Critics already say that Wesołowski is being handled too leniently. Despite being under house arrest for health reasons, they have criticized the fact that he has been seen walking the streets of Vatican city state. The Pontifical Commission for the Protection of Minors won’t comment on the trial, as it has a policy of not speaking publicly about individual cases.

The former nuncio is charged with possession of what prosecutors described as “enormous” quantities of child pornography on his two computers. These were also found after Wesolowski had been recalled to the Vatican, amid rumors he had sexually abused shoeshine boys near Santo Domingo’s waterfront.

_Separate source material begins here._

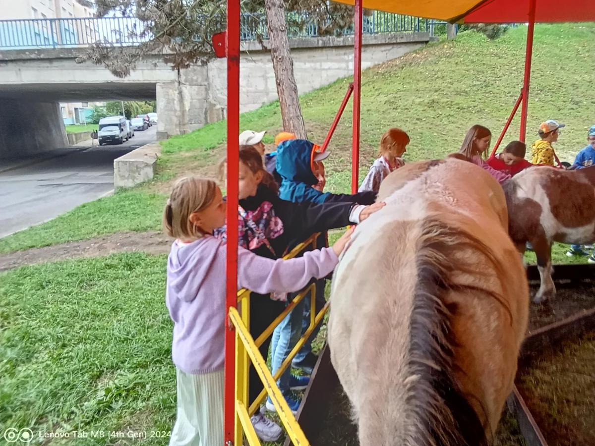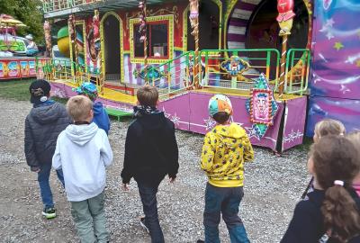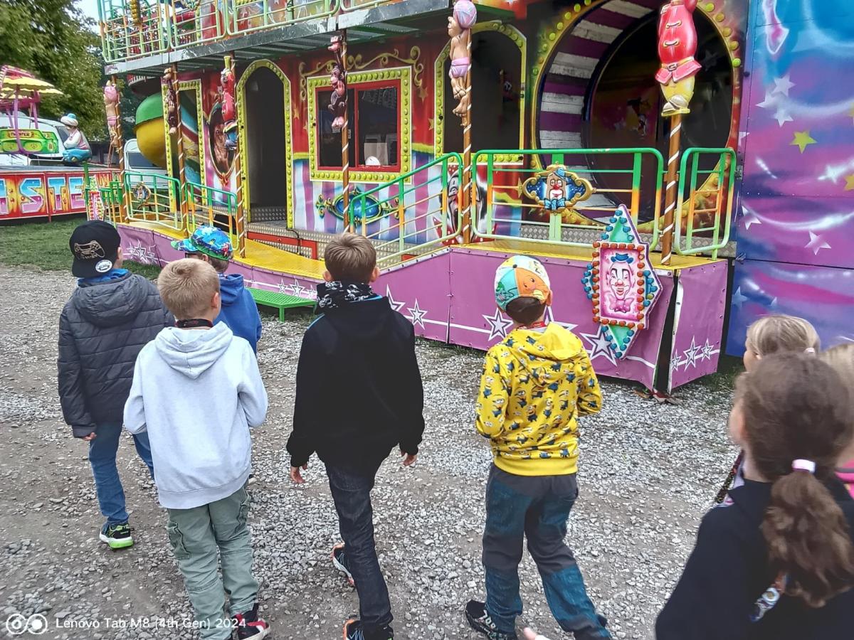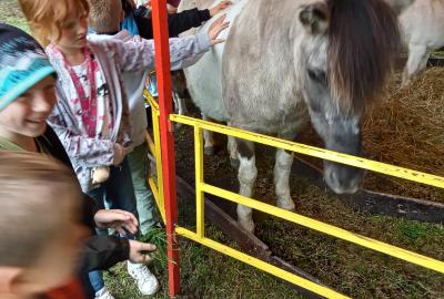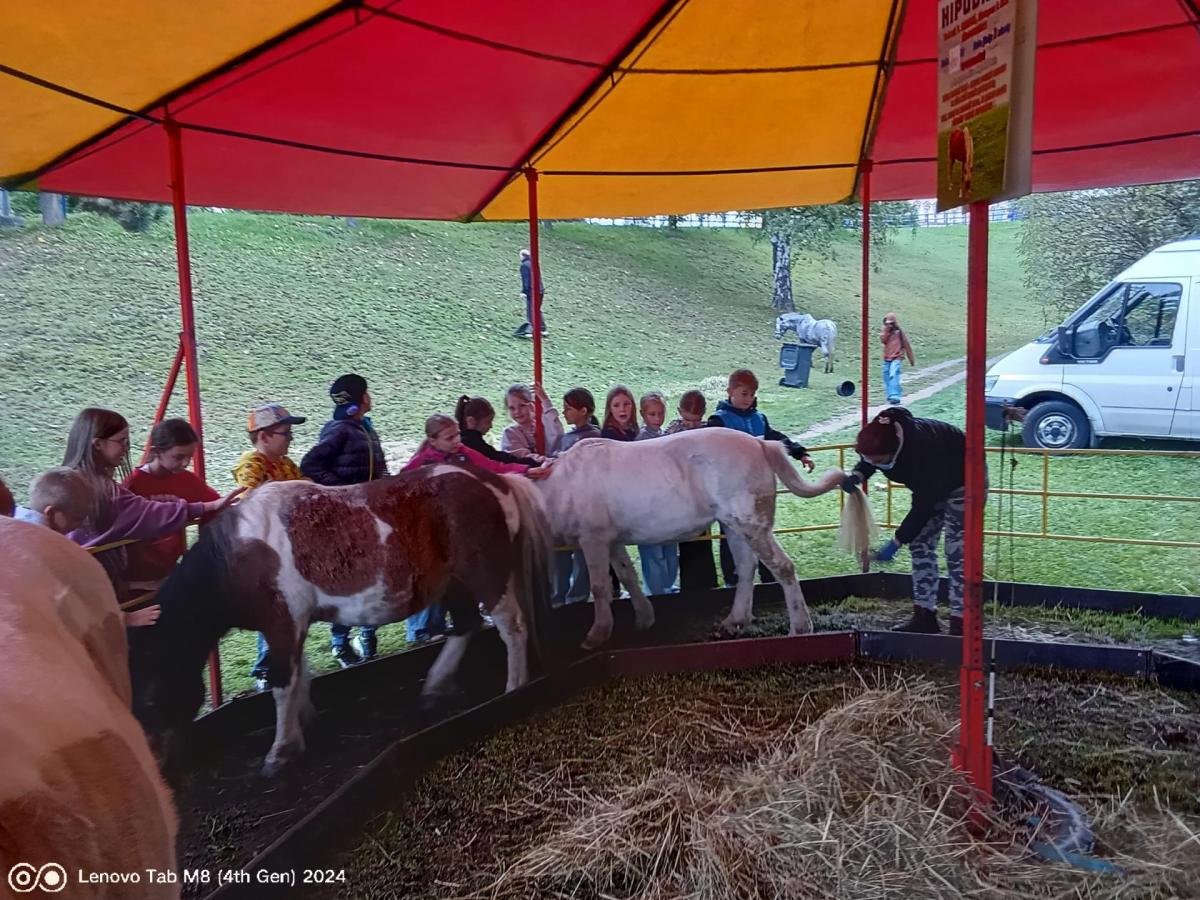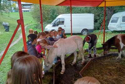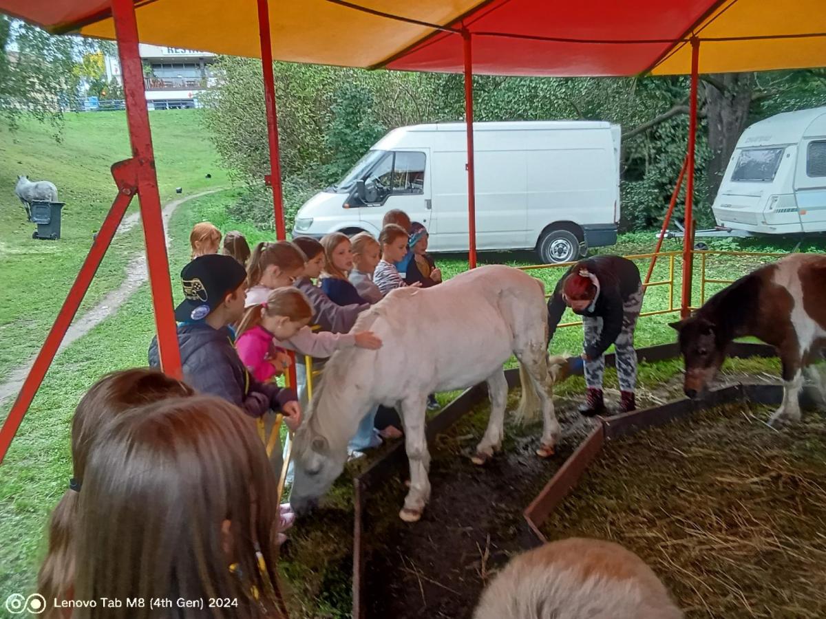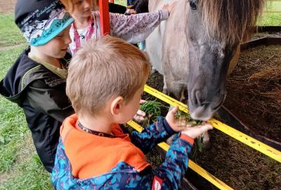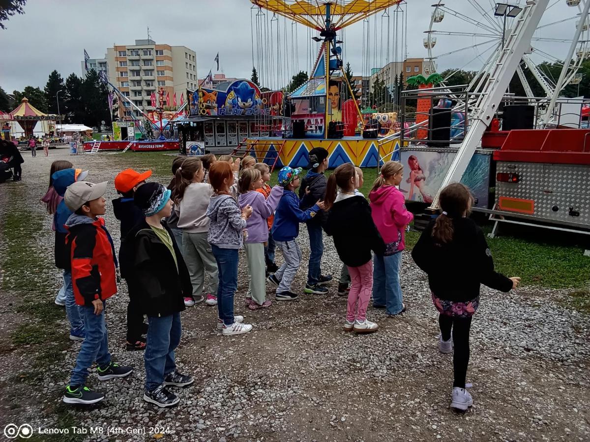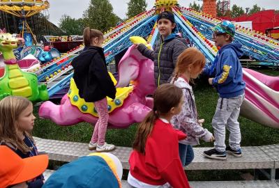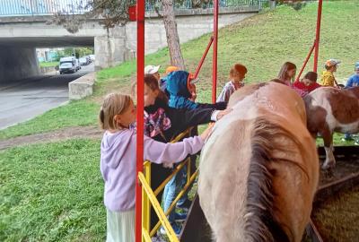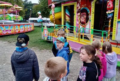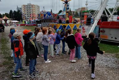 Děti si ve školní družině nejen vyrobily kolotoč, ale také se šly podívat na pouťové atrakce. I když nebylo moc hezké počasí, tak si alespoň pohladily koníčky.

Before the trial was adjourned, the clerk read out the charges on July 11. These included one of “conduct that offends the principles of Christian religion or morality for having repeatedly accessed pornographic sites,” including while in Vatican City. The trial indictment also accused him of causing psychological damage to his victims.

The Vatican said in a June 15 statement that Wesołowski has been accused of a number of offenses, “some committed during his stay in Rome from August 2013 until the moment of his arrest, on Sept. 22, 2014.” Other offenses were allegedly committed when he was nuncio to the Dominican Republic and apostolic delegate to Puerto Rico, from 2008 to 2013, the Vatican said.

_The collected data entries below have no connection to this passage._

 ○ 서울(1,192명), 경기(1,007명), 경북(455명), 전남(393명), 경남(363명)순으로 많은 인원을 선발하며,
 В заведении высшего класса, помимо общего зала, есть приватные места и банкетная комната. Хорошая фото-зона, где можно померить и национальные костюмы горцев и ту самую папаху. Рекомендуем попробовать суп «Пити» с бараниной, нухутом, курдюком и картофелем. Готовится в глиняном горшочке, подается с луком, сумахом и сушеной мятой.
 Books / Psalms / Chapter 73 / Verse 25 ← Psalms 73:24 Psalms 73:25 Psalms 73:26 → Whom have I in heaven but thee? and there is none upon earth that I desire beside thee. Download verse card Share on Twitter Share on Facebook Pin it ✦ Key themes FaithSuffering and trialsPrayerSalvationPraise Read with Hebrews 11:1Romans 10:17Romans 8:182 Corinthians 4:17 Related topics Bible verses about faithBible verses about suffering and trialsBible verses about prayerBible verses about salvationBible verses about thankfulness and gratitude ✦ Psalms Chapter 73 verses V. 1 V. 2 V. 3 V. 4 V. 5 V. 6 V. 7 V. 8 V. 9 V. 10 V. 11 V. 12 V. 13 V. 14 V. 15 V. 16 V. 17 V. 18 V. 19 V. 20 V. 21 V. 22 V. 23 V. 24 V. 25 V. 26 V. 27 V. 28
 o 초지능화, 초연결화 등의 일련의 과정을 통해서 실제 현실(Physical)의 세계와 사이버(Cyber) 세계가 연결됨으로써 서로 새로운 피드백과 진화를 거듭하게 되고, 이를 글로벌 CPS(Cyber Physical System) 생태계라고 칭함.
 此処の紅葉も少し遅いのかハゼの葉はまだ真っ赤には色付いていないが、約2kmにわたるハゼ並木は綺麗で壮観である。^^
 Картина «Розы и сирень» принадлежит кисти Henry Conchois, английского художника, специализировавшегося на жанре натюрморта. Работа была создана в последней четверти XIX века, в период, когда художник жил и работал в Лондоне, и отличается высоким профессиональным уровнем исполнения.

It added that, with regard to the period spent in Rome, Wesołowski is “charged with the offense of possession of child pornography” under a new law introduced by Pope Francis in 2013. It said the allegations referring to the preceding period “are based on evidence transmitted by the judicial authorities of Santo Domingo in relation to the sexual abuse of minors.”

Vatican spokesman Father Federico Lombardi told journalists June 15 that no request from the Dominican Republic had, at that time, been submitted by Vatican authorities with regard to the case.

Wesołowski was stripped of his diplomatic immunity and laicized last June, after the first stage of a canonical trial, but has since appealed against the decision to laicize him.


‘Detailed Procedure’

When the trial resumes, the Vatican says it will be alert to any testimonies that might show other prelates had heard allegations about Wesolowski’s conduct but stayed quiet.

The Vatican stated that these serious allegations will be carefully investigated, together with civil authorities in the Dominican Republic, if necessary.

“This will be a delicate and detailed procedure,” Father Lombardi said, “requiring the most careful observations and insights from all parties involved in the trial.”

Edward Pentin is the Register’s Rome correspondent.


Editor's note: This story was updated July 20 to include the latest information.